In vitro adipose tissue fatty acid pool size (POOL), fatty acid release (FAR) and esterification (EST) were measured in peritoneal (PFP) and subcutaneous mammary (MFP) fat pads of swine at d 15, 30, 45, 60, 75, 90, 105 and 112 of pregnancy. Plasma free fatty acids (FFA) and triglycerides (TG) were not altered by stage of pregnancy. Basal EST in PFP was generally constant across pregnancy with a peak at d 75. Basal EST in MFP was elevated at d 30, 75 and 112. Esterification in response to norepinephrine stimulus (NE) was lower than basal rates in both fat depots. Basal FAR was constant throughout pregnancy in PFP, but elevated at d 75 and 90 in MFP. Fatty acid release in response to NE was biphasic with peaks at d 30 and in late pregnancy (in MFP, micromolar FAR in response to NE was 69.3% greater on d 75 to 112 than on d 45 to 60). Basal POOL was constant throughout pregnancy in both depots and lower than NE-stimulated POOL. All responses to NE were greater in MFP than in PFP, indicating that adipose tissue surrounding the developing mammary gland had higher metabolic activity and a greater response to NE than peritoneal adipose. Changes in fatty acid metabolism during pregnancy in swine are temporally related to published values for plasma steroids, fetal growth and mammary development. Metabolic adaptations in adipose and mannary epithelial tissue occur in synchrony with changing plasma estrogen concentrations, redirecting energy flow from maternal adipose tissue toward developing mammary and fetal tissue.

A review of endocrine regulation of metabolism during lactation.

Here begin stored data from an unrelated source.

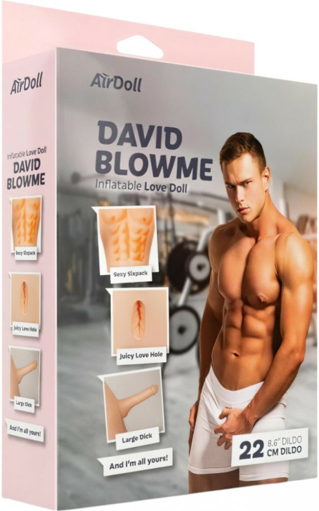 AirDoll David Blowme je realistická nafukovací mužská panna v životní velikosti, která ti nabídne opravdu autentický zážitek.Proč je super?Životní velikost pro maximálně realistické hrátky.Nafukovací dildo o délce 22 cm pro intenzivnější penetraci.Svůdný anální otvor pro různorodé potěšení.Vymakané břišní svaly pro lepší vizuální zážitek.Snadno se nafukuje a skladuje.Na co si dát pozor:Před a po použití pečlivě očisti produkt šetrným čisticím prostředkem.Používej jen lubrikant na vodní bázi, abys prodloužil životnost panny.Přesvědč se, že je dobře nafouknutá - to zajistí správné použití.Jak používat:Nafoukni pannu přiloženou nebo ruční pumpou.Nastav ji do pohodlné polohy a využij svůdný anální otvor nebo nafukovací dildo podle svých představ.Po použití vypusť vzduch, očisti a ulož na suché a chladné místo.Balení obsahuje:1x AirDoll David Blowme nafukovací pannaNávod k použitíVlastnosti produktu:Materiál: odolné PVCRozměry: životní velikostVelikost dilda: 22 cmHmotnost: 450 g
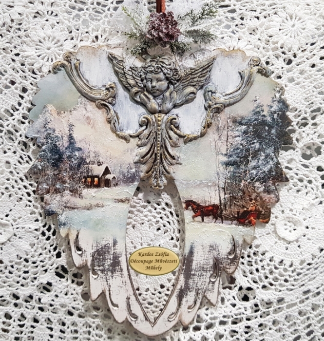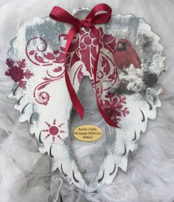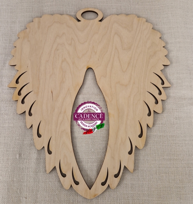 Lézervágott, felakasztható fa angyalszárny alap ajtókopogtatóhoz vagy más felakasztható dísz alapjának. Mérete: 40 x 35 x 1 cm
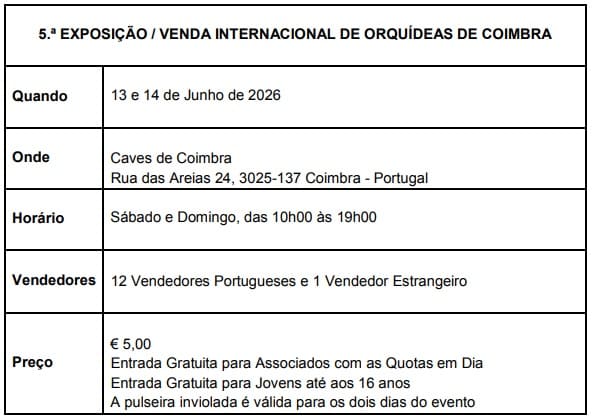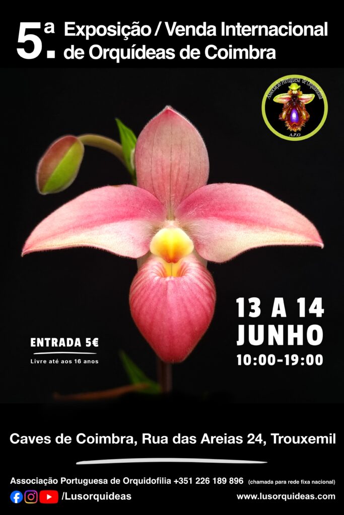 Nos dias 13 e 14 de junho, Coimbra volta a afirmar-se como um dos grandes pontos de encontro da orquidofilia em Portugal com a realização da 5.ª Exposição / Venda Internacional de Orquídeas de Coimbra, organizada pela A.P.O. – Associação Portuguesa de Orquidofilia. Nesta edição, o evento realiza-se pela primeira vez nas Caves de Coimbra, na Rua das Areias 24, Trouxemil, um novo espaço que reúne condições particularmente atrativas para expositores, colecionadores e público em geral.
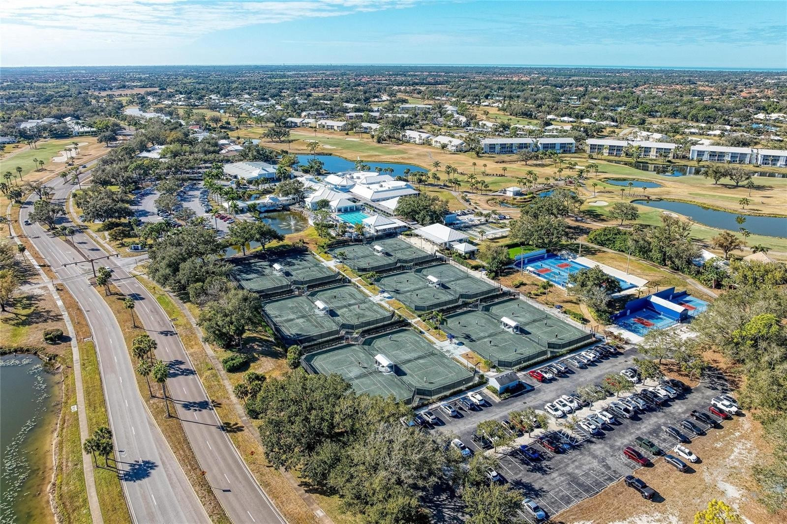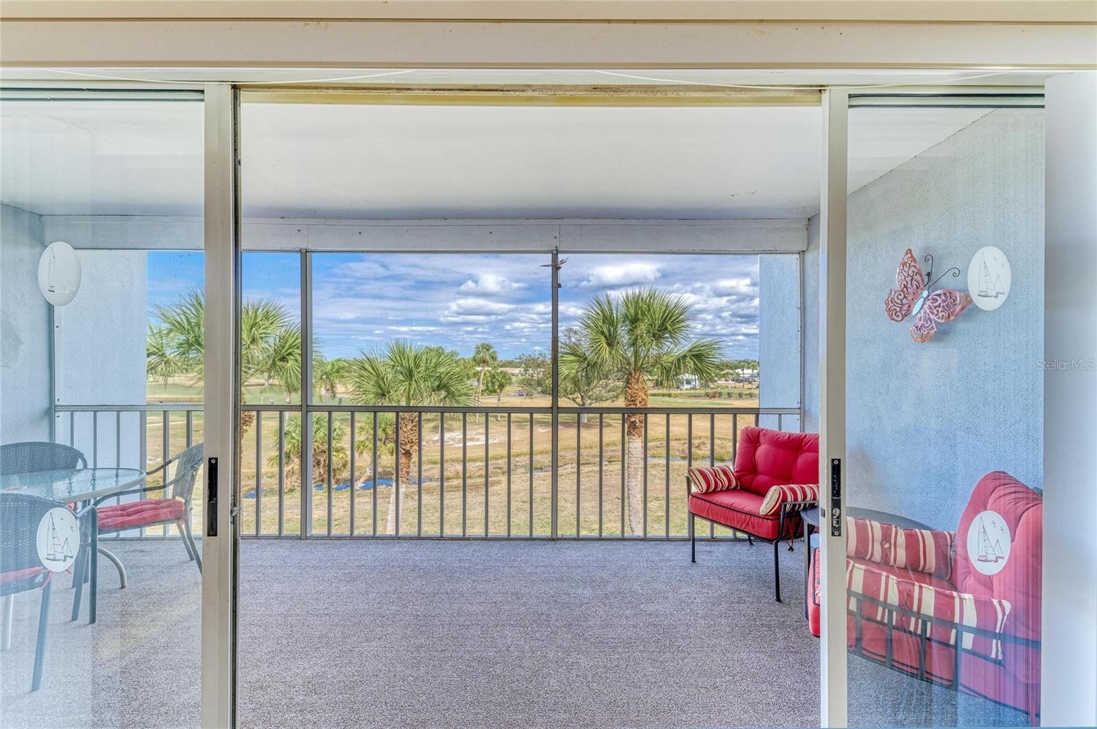 Penthouse unit featuring soaring ceilings and sweeping views of the golf course and lake. This charming 2-bedroom, 2-bathroom condo is offered fully turnkey and furnished, making it move-in ready. Recent updates include a new roof on the building, fresh exterior paint, and newer tile flooring throughout. Light and bright, the condo boasts large sliding glass doors that open to an oversized lanai—perfect for relaxing, entertaining, and taking in the beautiful surroundings that make The Plantation Golf & Country Club so special. Both bedrooms feature en-suite bathrooms and are spacious enough to comfortably accommodate king-size beds. The primary suite includes an updated shower, new flooring, and a very large walk-in closet ideal for storage. A secondary closet houses the washer and dryer for added convenience. Voluminous ceilings enhance the appeal of this top-floor unit, and the building is equipped with an elevator. Located directly across from the unit is a residents-only pool and clubhouse offering frequent social activities, including water aerobics and card games. Social or golf memberships are available separately. Storage closet inside assigned carport. Plenty of guest parking, as well. One covered carport for the unit.
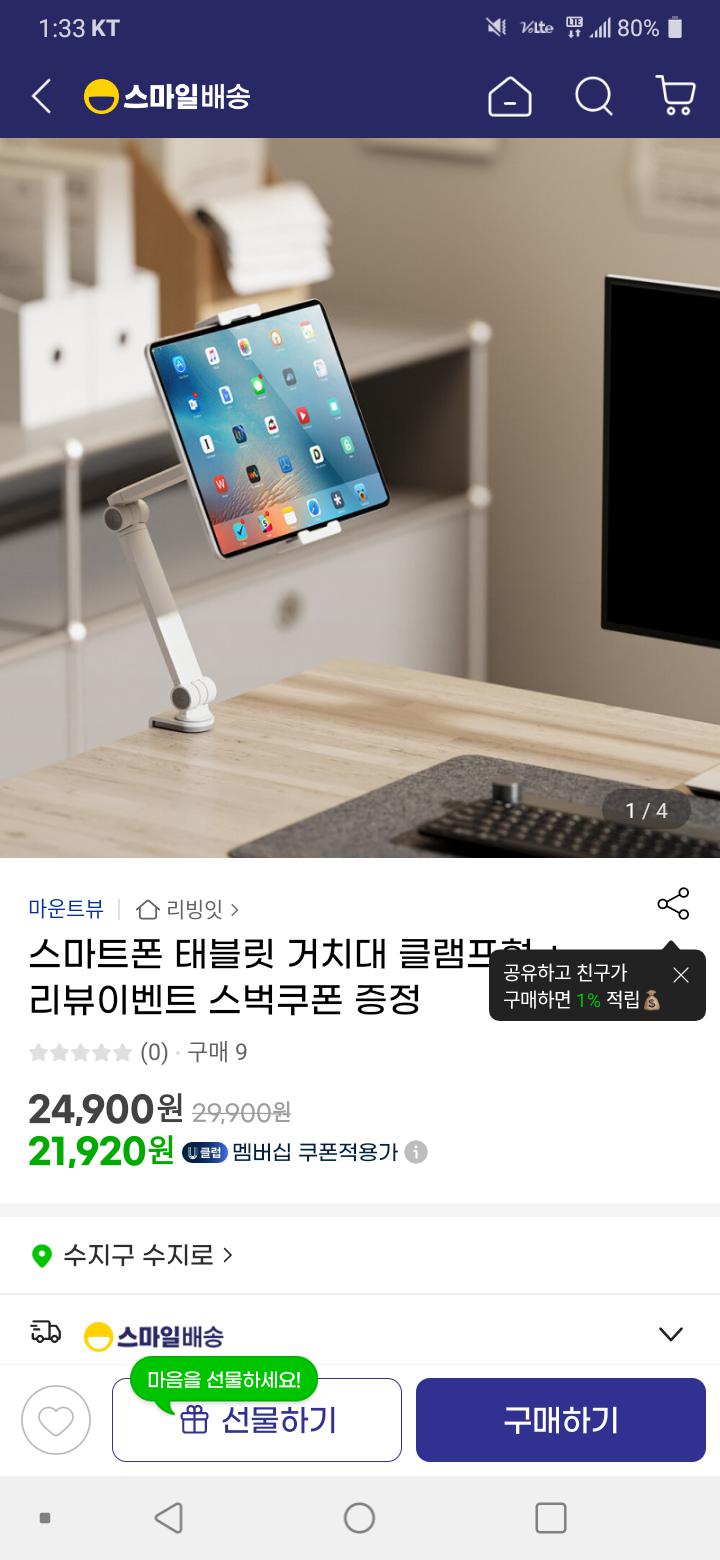 [G마켓] 스마트폰 태블릿 거치대 클램프형/기본형+리뷰작성시 스벅깊콘

Lactogenesis signals the shift from uterine nutrient transfer to the fetus to neonatal nourishment at the mammary gland. Metabolic adaptations involved in this process are under endocrine regulation. Key events include an increase in blood flow to mammary tissue, a decrease in nutrient utilization by peripheral tissues and an increase in nutrient utilization by mammary tissue for milk synthesis. Deficits of certain substrates during early lactation require mobilization of those substrates from depot stores. Changes in metabolism of various tissues are related to changes in hormone receptor populations of those tissues and hormone concentrations in blood. Hormone receptors are therefore the primary mechanism by which information from the endocrine systems is linked to cellular metabolism. Endocrine changes at parturition result in dramatic changes in receptor populations of key tissues such as adipose and mammary tissues. Knowledge in this area, however, is incomplete. Relationship between hormone receptors and specific cellular metabolic pathways remains unresolved.